Being a bit more aware sets me up for an exhausting series of mental gymnastics any time I make a purchase.


Today, for example, I found myself grocery shopping in Walmart. Already I’d had to do some justifying. Walmart is the Big Bad Wolf, up there with other dastardly corporations like Monsanto. They underpay their workers both here and overseas and force local operations out of business everywhere they go.


But…I needed a plastic storage bin. Target would have been my first choice, but it was out of the way and I have a sneaky suspicion my aversion to Walmart is partly a class thing (Target is, after all, where upper middle class folks by their Made in China).


On my list after the storage bin were a number of grocery items (since, as of Wednesday, whatever I eat will have to be transported home without the help of a car). I’d planned on patronizing a local grocery store, but did the impact of the extra gas from the trip outweigh the karmic good of supporting a local family?


So…I found myself grocery shopping in Walmart. Already feeling guilty, my calculating had just begun. How much more was I willing to pay per can of organic beans (and could I even justify beans in a can when the dried varieties were available)? Coffee: fair trade, organic, Rainforest Alliance…could I find all three? If I could buy non-organic brown rice in a bigger bag, did the plastic pollution I saved in any way cancel out the pesticides used in growing?
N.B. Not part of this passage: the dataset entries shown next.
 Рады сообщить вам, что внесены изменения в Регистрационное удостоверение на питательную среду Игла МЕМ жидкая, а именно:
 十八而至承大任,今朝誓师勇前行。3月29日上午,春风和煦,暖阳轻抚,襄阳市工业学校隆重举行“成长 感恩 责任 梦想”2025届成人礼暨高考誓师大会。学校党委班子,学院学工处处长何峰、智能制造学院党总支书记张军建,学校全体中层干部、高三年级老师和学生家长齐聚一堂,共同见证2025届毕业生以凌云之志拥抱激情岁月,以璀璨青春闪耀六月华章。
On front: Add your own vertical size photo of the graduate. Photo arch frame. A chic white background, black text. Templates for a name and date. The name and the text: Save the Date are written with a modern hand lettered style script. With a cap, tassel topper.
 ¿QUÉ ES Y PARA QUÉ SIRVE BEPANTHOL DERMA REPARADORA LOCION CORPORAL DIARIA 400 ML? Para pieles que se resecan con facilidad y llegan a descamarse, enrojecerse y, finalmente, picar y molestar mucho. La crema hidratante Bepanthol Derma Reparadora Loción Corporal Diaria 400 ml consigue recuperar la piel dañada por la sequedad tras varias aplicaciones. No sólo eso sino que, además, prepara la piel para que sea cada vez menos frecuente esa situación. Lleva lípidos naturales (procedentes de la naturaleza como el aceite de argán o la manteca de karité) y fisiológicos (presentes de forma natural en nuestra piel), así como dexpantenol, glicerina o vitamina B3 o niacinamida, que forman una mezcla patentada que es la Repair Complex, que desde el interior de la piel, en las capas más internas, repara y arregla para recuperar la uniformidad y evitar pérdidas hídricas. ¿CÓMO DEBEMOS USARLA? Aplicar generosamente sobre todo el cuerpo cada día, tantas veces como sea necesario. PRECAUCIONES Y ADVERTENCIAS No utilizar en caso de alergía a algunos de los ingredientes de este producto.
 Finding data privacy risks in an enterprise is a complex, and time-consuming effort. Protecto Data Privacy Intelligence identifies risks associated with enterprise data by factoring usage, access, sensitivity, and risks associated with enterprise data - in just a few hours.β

How about salt – would going for the Morton’s be a capitulation to advertising or would choosing the cheaper Walmart brand create downward pressure on prices that often has consequences for workers and the environment? What size cans of crushed tomatoes should I buy – the smaller size (and waste packaging materials) or the larger size (and likely waste food, since I’ll be cooking for one)?


All this, and I get to the check-out aisle and realize I’d forgotten to bring re-useable bags.


At the end of that trip, at the end of a couple weeks of shopping to get ready for life and work in NYC, after so many tiny (and at the same time overwhelmingly significant) decisions, there is this:


A Short Testament
by Anne Porter

Whatever harm I may have done
In all my life in all your wide creation
If I cannot repair it
I beg you to repair it,

And then there are all the wounded
The poor the deaf the lonely and the old
Whom I have roughly dismissed
As if I were not one of them.
Where I have wronged them by it
And cannot make amends
I ask you
To comfort them to overflowing,

And where there are lives I may have withered around me,
Or lives of strangers far or near
That I've destroyed in blind complicity,
And if I cannot find them
Or have no way to serve them,

Remember them. I beg you to remember them

When winter is over
And all your unimaginable promises
Burst into song on death's bare branches.



1 comment:

  1. http://www.orionmagazine.org/index.php/articles/article/4801/
    Check out this prodding article by Derrick Jensen. I like what he says about capitalism's reducing of our "potential forms of resistance to consuming and not consuming." I'd be interested to hear your thoughts on it...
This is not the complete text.